- _WHAT TO WORK ON_
After locating "1、甲方将其合法拥有的座落于" in the listing below, copy that line and each one after it exactly, ending with the line that has "مناقصه گزار : قرارگاه".

- _RECORD SET_
BEGIN

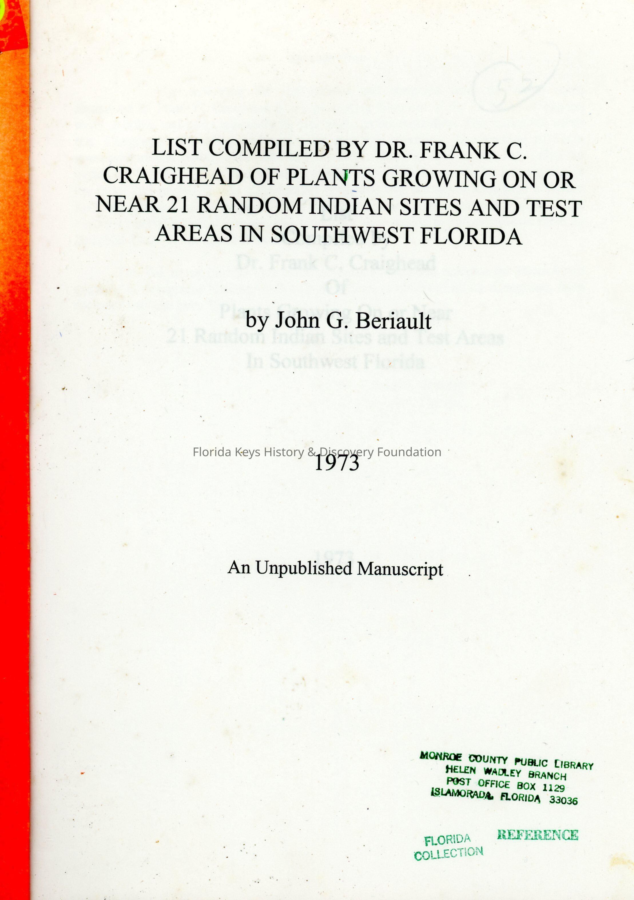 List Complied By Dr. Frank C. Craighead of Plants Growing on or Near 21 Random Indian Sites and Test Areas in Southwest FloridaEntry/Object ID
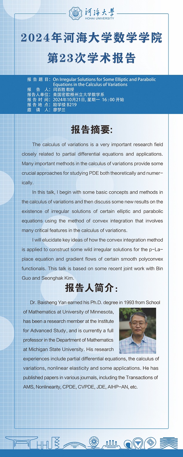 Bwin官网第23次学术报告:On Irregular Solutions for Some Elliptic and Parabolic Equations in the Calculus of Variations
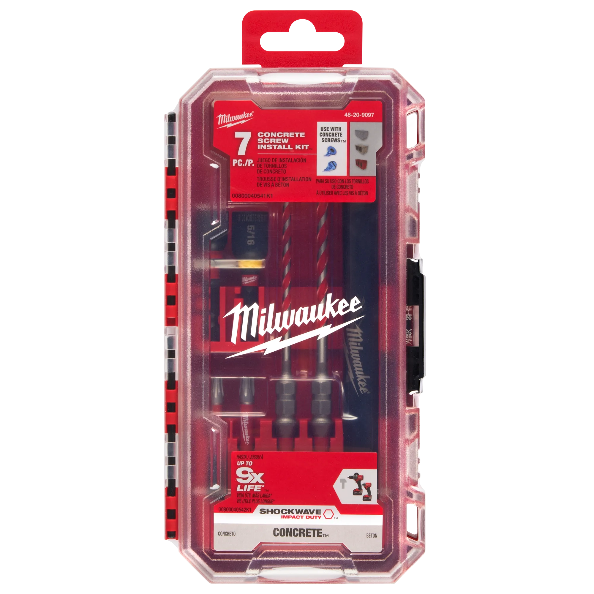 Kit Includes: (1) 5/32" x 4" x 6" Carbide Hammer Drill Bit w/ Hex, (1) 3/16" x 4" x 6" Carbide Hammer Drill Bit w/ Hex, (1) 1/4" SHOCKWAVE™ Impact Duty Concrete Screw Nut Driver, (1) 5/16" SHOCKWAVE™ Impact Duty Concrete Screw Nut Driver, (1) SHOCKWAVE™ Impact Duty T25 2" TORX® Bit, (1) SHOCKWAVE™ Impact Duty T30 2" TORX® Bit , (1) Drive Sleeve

END
BEGIN

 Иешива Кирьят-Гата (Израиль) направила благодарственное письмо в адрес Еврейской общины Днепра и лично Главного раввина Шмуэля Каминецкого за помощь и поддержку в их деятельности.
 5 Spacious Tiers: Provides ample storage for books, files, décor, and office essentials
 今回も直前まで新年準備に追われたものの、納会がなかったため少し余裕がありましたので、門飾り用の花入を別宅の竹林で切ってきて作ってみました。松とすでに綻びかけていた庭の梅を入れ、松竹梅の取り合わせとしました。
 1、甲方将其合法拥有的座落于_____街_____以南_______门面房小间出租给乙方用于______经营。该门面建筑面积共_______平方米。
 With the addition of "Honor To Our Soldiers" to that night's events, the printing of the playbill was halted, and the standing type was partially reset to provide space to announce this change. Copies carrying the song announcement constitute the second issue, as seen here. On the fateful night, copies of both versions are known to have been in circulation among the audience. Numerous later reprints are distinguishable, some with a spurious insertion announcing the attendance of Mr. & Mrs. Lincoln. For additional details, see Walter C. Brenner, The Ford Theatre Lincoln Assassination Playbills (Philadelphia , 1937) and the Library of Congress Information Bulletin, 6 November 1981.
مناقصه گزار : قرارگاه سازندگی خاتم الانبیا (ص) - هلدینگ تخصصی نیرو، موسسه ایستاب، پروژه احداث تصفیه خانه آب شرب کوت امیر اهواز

END

- _EXPECTED ANSWER_
 1、甲方将其合法拥有的座落于_____街_____以南_______门面房小间出租给乙方用于______经营。该门面建筑面积共_______平方米。
 With the addition of "Honor To Our Soldiers" to that night's events, the printing of the playbill was halted, and the standing type was partially reset to provide space to announce this change. Copies carrying the song announcement constitute the second issue, as seen here. On the fateful night, copies of both versions are known to have been in circulation among the audience. Numerous later reprints are distinguishable, some with a spurious insertion announcing the attendance of Mr. & Mrs. Lincoln. For additional details, see Walter C. Brenner, The Ford Theatre Lincoln Assassination Playbills (Philadelphia , 1937) and the Library of Congress Information Bulletin, 6 November 1981.
مناقصه گزار : قرارگاه سازندگی خاتم الانبیا (ص) - هلدینگ تخصصی نیرو، موسسه ایستاب، پروژه احداث تصفیه خانه آب شرب کوت امیر اهواز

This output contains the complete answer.